Here is a more detailed reasoning: Using the Riemann-Stieltjes integral and the periodic Bernoulli polynomials $\tilde{B}_{n}(x)$, for $a > 0$

\begin{align*} \sum_{k=1}^{N} \frac{\sin(k^{1/n}a)}{k} &= \int_{1-}^{N} \frac{\sin(x^{1/n}a)}{x} \, d[x] \\ &= \int_{1}^{N} \frac{\sin(x^{1/n}a)}{x} \, dx - \int_{1-}^{N} \frac{\sin(x^{1/n}a)}{x} \, d\tilde{B}_{1}(x) \\ &= n \int_{1}^{a N^{1/n}} \frac{\sin x}{x} \, dx - \int_{1-}^{N^{1/n}} \frac{\sin(ax)}{x^{n}} \, d\tilde{B}_{1}(x^{n}). \end{align*}

So let us focus on the second term. Integrating by parts,

\begin{align*} - \int_{1-}^{N^{1/n}} \frac{\sin(ax)}{x^{n}} \, d\tilde{B}_{1}(x^{n}) &= \left[ -\frac{\sin(ax)}{x^{n}} \tilde{B}_{1}(x^{n}) \right]_{1-}^{N^{1/n}} + \int_{1}^{N^{1/n}} \left( \frac{\sin(ax)}{x^{n}} \right)' \tilde{B}_{1}(x^{n}) \, dx \\ &= \frac{\sin a}{2} + \int_{1}^{\infty} \frac{ax^{1/n}\cos(ax^{1/n}) - n \sin(ax^{1/n})}{n x^{2}} \tilde{B}_{1}(x) \, dx \\ &\qquad + \mathcal{O}(N^{-1+1/n}). \end{align*}

(But in fact, due the cancelling behavior, the error estimate may be improved further.) So when $n > 1$, combining together gives

$$ \sum_{k=1}^{N} \frac{\sin(a k^{1/n})}{k} = C + \mathcal{O}(\max \{ N^{-1+1/n}, N^{-1/n} \} ), $$

where

\begin{align*} C &= \sum_{k=1}^{\infty} \frac{\sin(a k^{1/n})}{k} \\ &= n \left( \frac{\pi}{2} - \mathrm{Si}(1) \right) + \frac{\sin a}{2} + \int_{1}^{\infty} \frac{ax^{1/n}\cos(ax^{1/n}) - n \sin(ax^{1/n})}{n x^{2}} \tilde{B}_{1}(x) \, dx. \end{align*}

And I highly suspect that the ever-growing error results from computation errors, not from the actual difference between the sum and the $N$-th partial sum.


Added.
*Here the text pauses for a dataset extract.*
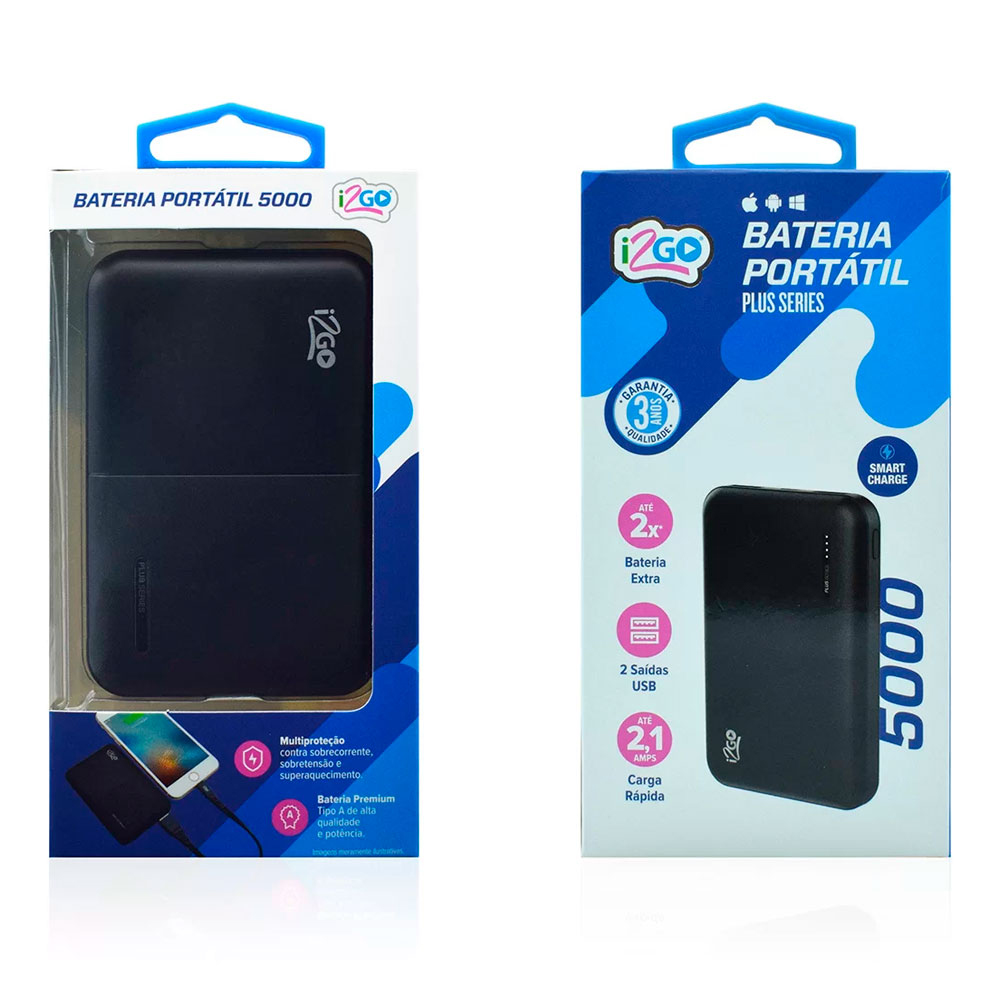 Carregador Portátil Power Bank 2 Saídas USB Preto I2GO 1500mAh
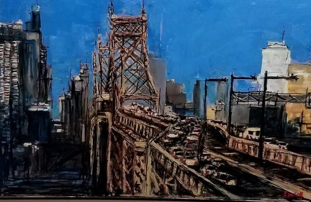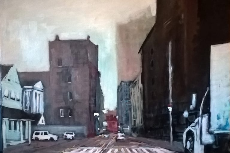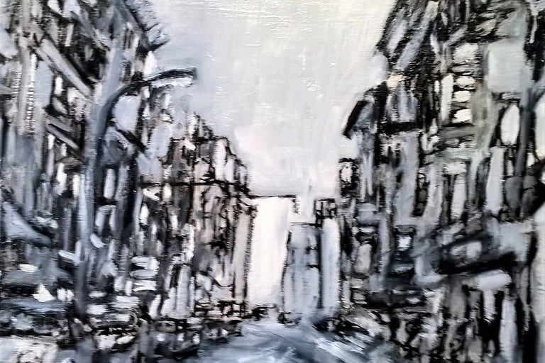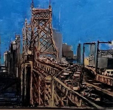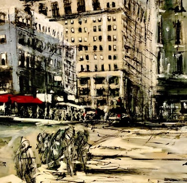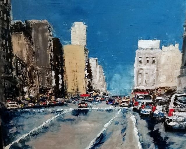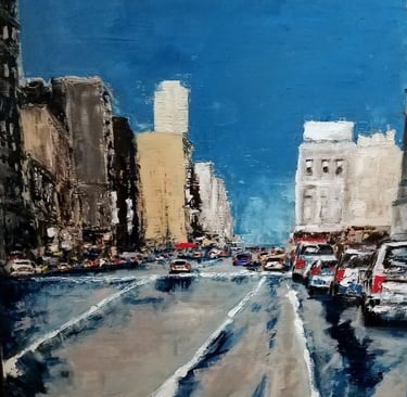 I began painting with oils on large canvases, drawn to abstract forms and the raw energy of cityscapes.

If you execute the following code,

  a = 1;
  n = 2;
  Quiet[N[Im[Sum[E^(I k^(1/n))/k, {k, 1, Infinity}]]]]
  Quiet[N[n (Pi/2 - SinIntegral[1]) + Sin[a]/2 + NIntegrate[(BernoulliB[1, FractionalPart[x]] (a x^(1/n) Cos[a x^(1/n)] - n Sin[a x^(1/n)]))/(n x^2), {x, 1, Infinity}]]]
  Quiet[N[n (Pi/2 - SinIntegral[1]) + Sin[a]/2 + NIntegrate[(BernoulliB[1, FractionalPart[x]] (a x^(1/n) Cos[a x^(1/n)] - n Sin[a x^(1/n)]))/(n x^2), {x, 1, Infinity}, WorkingPrecision -> 200, PrecisionGoal -> 50]]]
  Quiet[N[n (Pi/2 - SinIntegral[1]) + Sin[a]/2 + NIntegrate[(BernoulliB[1, FractionalPart[x]] (a x^(1/n) Cos[a x^(1/n)] - n Sin[a x^(1/n)]))/(n x^2), {x, 1, Infinity}, WorkingPrecision -> 400, PrecisionGoal -> 50]]]
  Quiet[N[n (Pi/2 - SinIntegral[1]) + Sin[a]/2 + NIntegrate[(BernoulliB[1, FractionalPart[x]] (a x^(1/n) Cos[a x^(1/n)] - n Sin[a x^(1/n)]))/(n x^2), {x, 1, Infinity}, WorkingPrecision -> 600, PrecisionGoal -> 50]]]
  Clear[a, n];

Then you will see how the numerical methods used in Mathematica are susceptible:

  1.71567
  1.72229
  1.71513
  1.71661
  1.71436

Consider the integral $$\int_1^k\frac{\sin x^{1/n}}xdx=n\int_1^{k^{1/n}}\frac{\sin t}t\ dt$$ by the change of variable $x=t^n$.

This is the Sine Integral.

It is closely related to your sum, and explains why the value of the exponent $n$ doesn't have such a big impact on the behavior.